Skilled Nursing Facility Company Agrees to Pay More Than $3 Million to Resolve Kickback Allegations
HOUSTON – Regent Management Services L.P. has agreed to pay approximately $3.199 million to settle allegations that it received kickbacks from various ambulance companies in exchange for rights to Regent’s more lucrative Medicare and Medicaid transport referrals, announced U.S. Attorney Kenneth Magidson and Gregory Demske, Chief Counsel to the Inspector General of the U.S. Department of Health and Human Services-Office of Inspector General (HHS-OIG) and Special Agent in Charge CJ Porter, of HHS-OIG, Office of Investigations, Dallas Regional Office.
Regent Management Services L.P. is headquartered in Galveston and manages 12 separately owned and operated nursing facilities including 11 in seven Texas cities.
The settlement is believed to be the first in the nation to hold accountable medical institutions (hospitals and skilled nursing facilities) rather than ambulance companies for these kind of ambulance “swapping” arrangements.
“This resolution is part of the government’s emphasis on combating health care fraud throughout the district and is an example of our determination to hold those accountable for their actions,” said Magidson. “Any type of improper behavior or arrangement in the industry is a serious allegation that we will not take lightly and we will pursue in order to protect the integrity of the health care system.”
The Anti-Kickback Statute prohibits offering, paying, soliciting or receiving remuneration to induce referrals of items or services covered by federal health care programs, including Medicare and Medicaid. The settlement announced today resolves allegations that patients at Regent facilities received free or heavily discounted ambulance transports from various ambulance companies in exchange for Regent’s referral of other lucrative Medicare and Medicaid business to those same companies. If not for this kickback arrangement, Regent would have been financially responsible for the patient transports at significantly higher rates.
“This settlement sends a message to the health care industry that both sides of a swapping arrangement can be held responsible for their improper actions, not just the entity that actually bills Medicare or Medicaid for the services,” said Demske. “Any company or individual considering entering such schemes should understand that their actions may have serious legal and financial consequences.”
Medicaid is funded jointly by the states and the federal government. The state of Texas paid for some of the Medicaid claims at issue and will receive approximately $533,000 of the settlement amount.

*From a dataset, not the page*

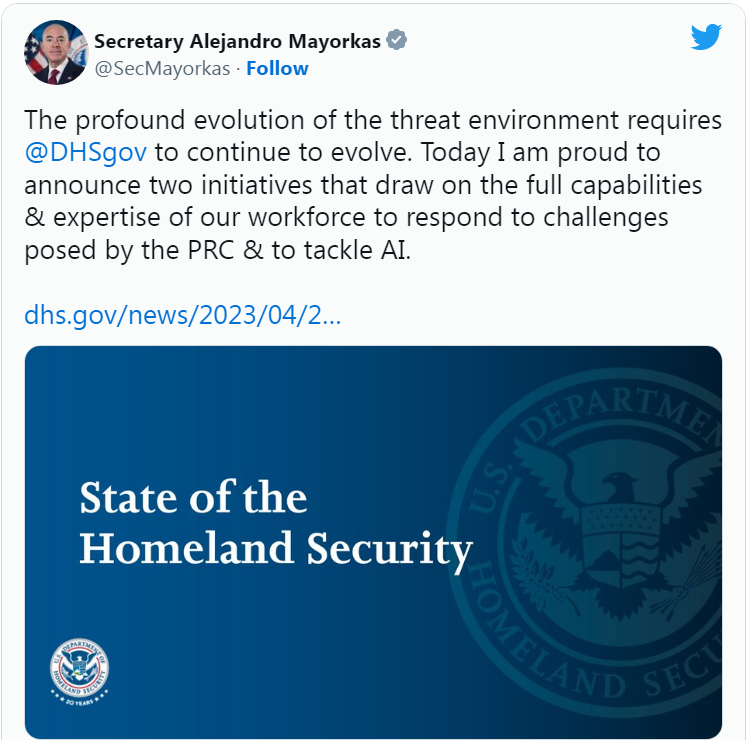 “Upravljam stvaranjem prve Radne skupine za umjetnu inteligenciju našeg Ministarstva koja će pokretati specifične primjene umjetne inteligencije za unaprjeđenje naših kritičnih misija domovinske sigurnosti”, rekao je Mayorkas u Vijeću za vanjske odnose.

In connection with the settlement, Regent has also entered into a corporate integrity agreement (CIA) with HHS-OIG. The corporate integrity agreement obligates Regent to undertake substantial internal compliance reforms for the next five years.
“Swapping arrangements continue to be an area of concern throughout the ambulance industry,” said Porter. “Such improper arrangements among providers have the potential to negatively affect patient care and need to be aggressively pursued in order to protect the integrity of the federal health care programs and their beneficiaries.”
Today’s announcement also marks another achievement for the Health Care Fraud Prevention and Enforcement Action Team initiative, which was announced in May 2009 by the Attorney General and the Secretary of Health and Human Services. The partnership between the two departments has focused efforts to reduce and prevent Medicare and Medicaid financial fraud through enhanced cooperation.
The settlement was the result of a coordinated effort among the U.S. Attorney’s Office, HHS-OIG, HHS-OIG (Office of Counsel to the Inspector General) and the Texas Attorney General’s Office. Assistant U.S. Attorney Kenneth Shaitelman handled the case on behalf of the U.S. Attorney’s Office for the Southern District of Texas.
The claims resolved by this settlement are allegations only, and there has been no determination of liability.